Elevated C1q expression correlates strongly with disease activity and inflammatory severity in autoimmune conditions, including RA (27) and Takayasu arteritis (TA). Moreover, fluctuations in C1q levels have emerged as a promising biomarker for monitoring the therapeutic efficacy of immunosuppressive treatments (28). Notably, during the A1T stage, transcripts of C1QA, C1QB, and C1QC were significantly upregulated relative to controls, suggesting that immune hyperactivation following sintilimab administration might increase susceptibility to thyroid irAEs.

These observations illuminated the dual role of C1q in autoimmune pathophysiology and treatment response, emphasizing the necessity for careful endocrine irAE monitoring in patients undergoing ICI therapy.

Based on the constructed PPI network and the outcomes of GO and KEGG enrichment analyses, we proposed a pathogenic cascade underpinning thyroid irAEs, driven by coordinated gene functional disruptions. Downregulation of FLT1 undermines vascular endothelial stability (29), which, in concert with decreased TEK expression, perturbs ANGPT/TIE2 signaling homeostasis. This destabilizes VE-cadherin-mediated adherens junctions, compromising endothelial barrier integrity and markedly increasing vascular permeability (30). Simultaneously, upregulation of PDGFRB exacerbates barrier dysfunction, facilitating vascular leakage and inflammatory cell infiltration.

Concurrently, elevated expression of C1QA, C1QB, and C1QC activates the classical complement cascade, promoting formation of C3 convertase (31) and membrane attack complexes (MAC) that directly induce lysis of thyroid follicular cells (32). Downregulation of keratins further destabilizes the cellular cytoskeleton (33), synergizing with complement-mediated damage to release autoantigens such as thyroglobulin (Tg) and thyroid peroxidase (TPO).
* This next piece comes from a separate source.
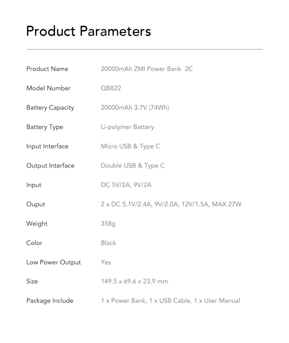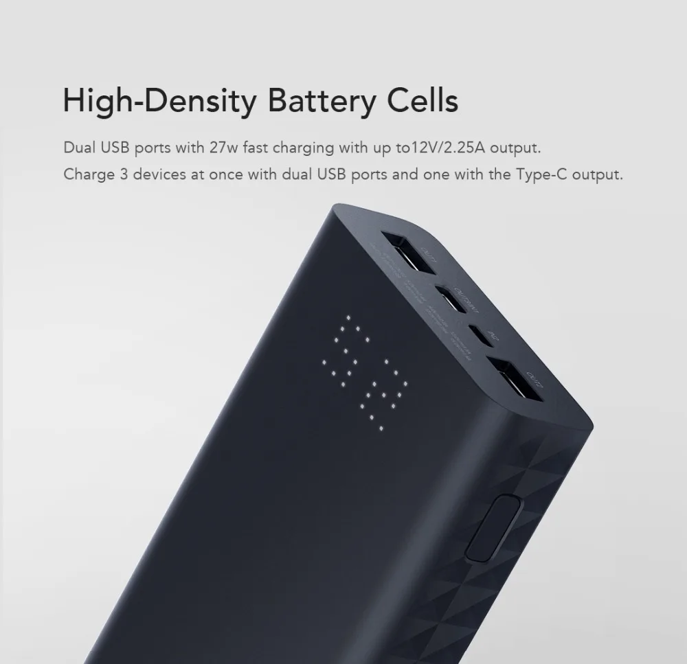 Внешний аккумулятор Power Bank Xiaomi Mi ZMI 20000 mAh QB822 27w Быстрая зарядка

Reduced SPP1 expression impairs macrophage-mediated clearance of apoptotic debris (34), intensifying antigen exposure, while disrupting the Treg/Th17 balance (35), thereby diminishing immunosuppressive control and amplifying pro-inflammatory responses. The resulting autoantigens are efficiently presented by antigen-presenting cells with upregulated HLA-DPB1, triggering activation of autoreactive CD4⁺ T cells. These T cells secrete interferon-gamma (IFN-γ), which further upregulates HLA-DPB1 expression (36) and complement production, establishing a self-perpetuating feedback loop of antigen presentation and inflammatory amplification. This cascade culminates in relentless thyroid autoimmune injury (Figure 10).

Figure 10

Figure 10. Integrated pathogenic cascade of thyroid irAEs: from vascular dysfunction to autoimmune amplification.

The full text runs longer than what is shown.